Exercise objective:
Without any of its pictures, the listing below should be output exactly.

Supplied data:

○ ○ ○

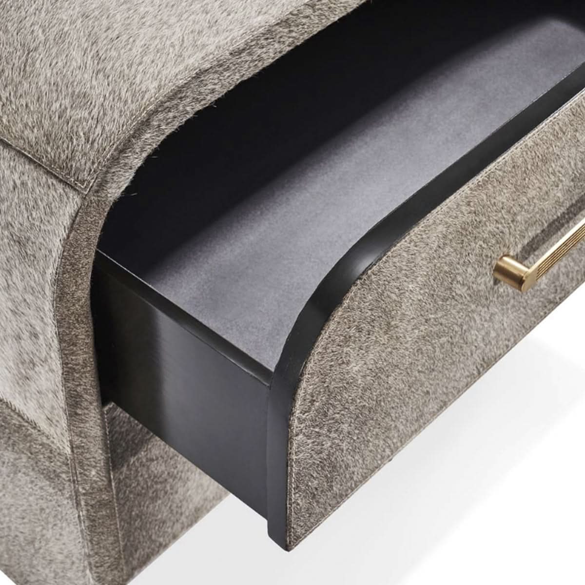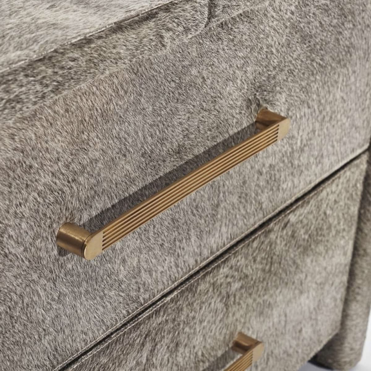 La piel natural utilizada en esta pieza presenta una paleta compleja de matices grises, intercalados con tonos crema, tostado y marrón. Esta variedad de coloración no solo le suma encanto a cada pieza, sino que también permite que la cómoda combine a la perfección con una variedad de estilos de interior, desde lo rústico hasta lo contemporáneo.
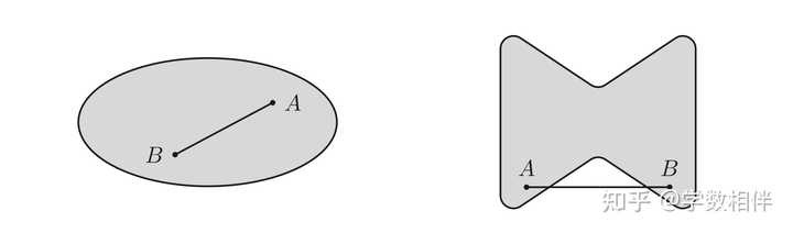 凸区域 非凸区域 非凸区域至少可以找到两个点 A,B\in \mathcal{R} : AB\not\subset \mathcal{R} 。 直线界限的闭合半平面(closed half-planes bounded by r): 平面的任意一条直线 r 将平面分为两个凸区域,称为直线 r 界限的闭合半平面(closed half-planes bounded by r)。 说明: 直线 r 可以被看成含在两个半平面中的任何一个中。若在两个半平面中分别选定一个点 A,B ,则必然有 AB\bigcap r \neq\emptyset ,也就是 AB 直线与界限必然相交。 |
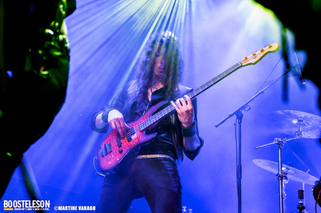 Le dynamisme du set passe par des transitions musicales inspirées : solo de batterie signé Marcel Binder, solo de guitare bien sûr du sexy Parker. Puis le bassiste belge Mathieu Trobec nous gratifie d’environ cinq minutes d’expérimentations à quatre cordes, osant les techniques emblématiques des guitaristes Metal (sweeping, tapping). Le résultat est inouï.
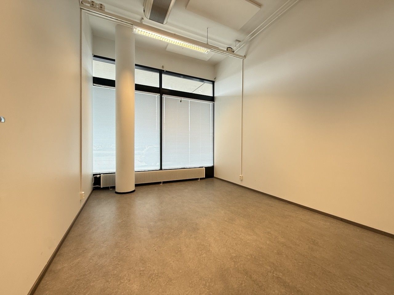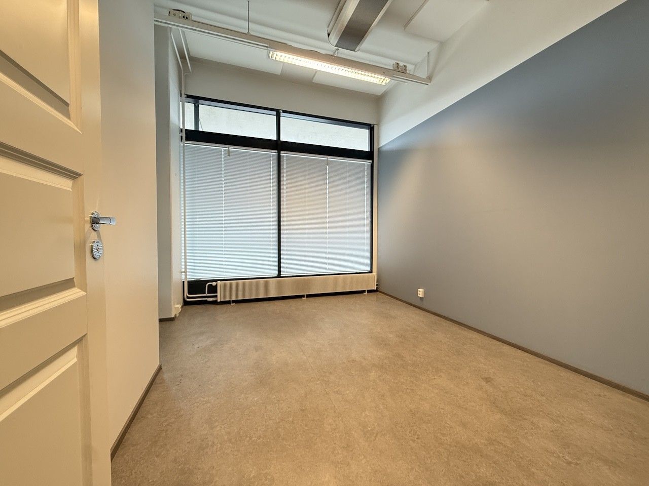 Tilan pohjaratkaisu on erittäin toimiva: se koostuu avarasta avotilasta sekä kahdesta erillisestä työhuoneesta, jotka mahdollistavat rauhallisen työskentelyn tai asiakastapaamiset. Arjen sujuvuutta lisäävät tilava wc-tila, suihku sekä huoneistoon kuuluva kuuden neliömetrin varasto, joka tarjoaa näppärää säilytystilaa tarvikkeille tai arkistolle.

○ ○ ○

Solution to this task:
 La piel natural utilizada en esta pieza presenta una paleta compleja de matices grises, intercalados con tonos crema, tostado y marrón. Esta variedad de coloración no solo le suma encanto a cada pieza, sino que también permite que la cómoda combine a la perfección con una variedad de estilos de interior, desde lo rústico hasta lo contemporáneo.
 凸区域 非凸区域 非凸区域至少可以找到两个点 A,B\in \mathcal{R} : AB\not\subset \mathcal{R} 。 直线界限的闭合半平面(closed half-planes bounded by r): 平面的任意一条直线 r 将平面分为两个凸区域,称为直线 r 界限的闭合半平面(closed half-planes bounded by r)。 说明: 直线 r 可以被看成含在两个半平面中的任何一个中。若在两个半平面中分别选定一个点 A,B ,则必然有 AB\bigcap r \neq\emptyset ,也就是 AB 直线与界限必然相交。 |
 Le dynamisme du set passe par des transitions musicales inspirées : solo de batterie signé Marcel Binder, solo de guitare bien sûr du sexy Parker. Puis le bassiste belge Mathieu Trobec nous gratifie d’environ cinq minutes d’expérimentations à quatre cordes, osant les techniques emblématiques des guitaristes Metal (sweeping, tapping). Le résultat est inouï.
 Tilan pohjaratkaisu on erittäin toimiva: se koostuu avarasta avotilasta sekä kahdesta erillisestä työhuoneesta, jotka mahdollistavat rauhallisen työskentelyn tai asiakastapaamiset. Arjen sujuvuutta lisäävät tilava wc-tila, suihku sekä huoneistoon kuuluva kuuden neliömetrin varasto, joka tarjoaa näppärää säilytystilaa tarvikkeille tai arkistolle.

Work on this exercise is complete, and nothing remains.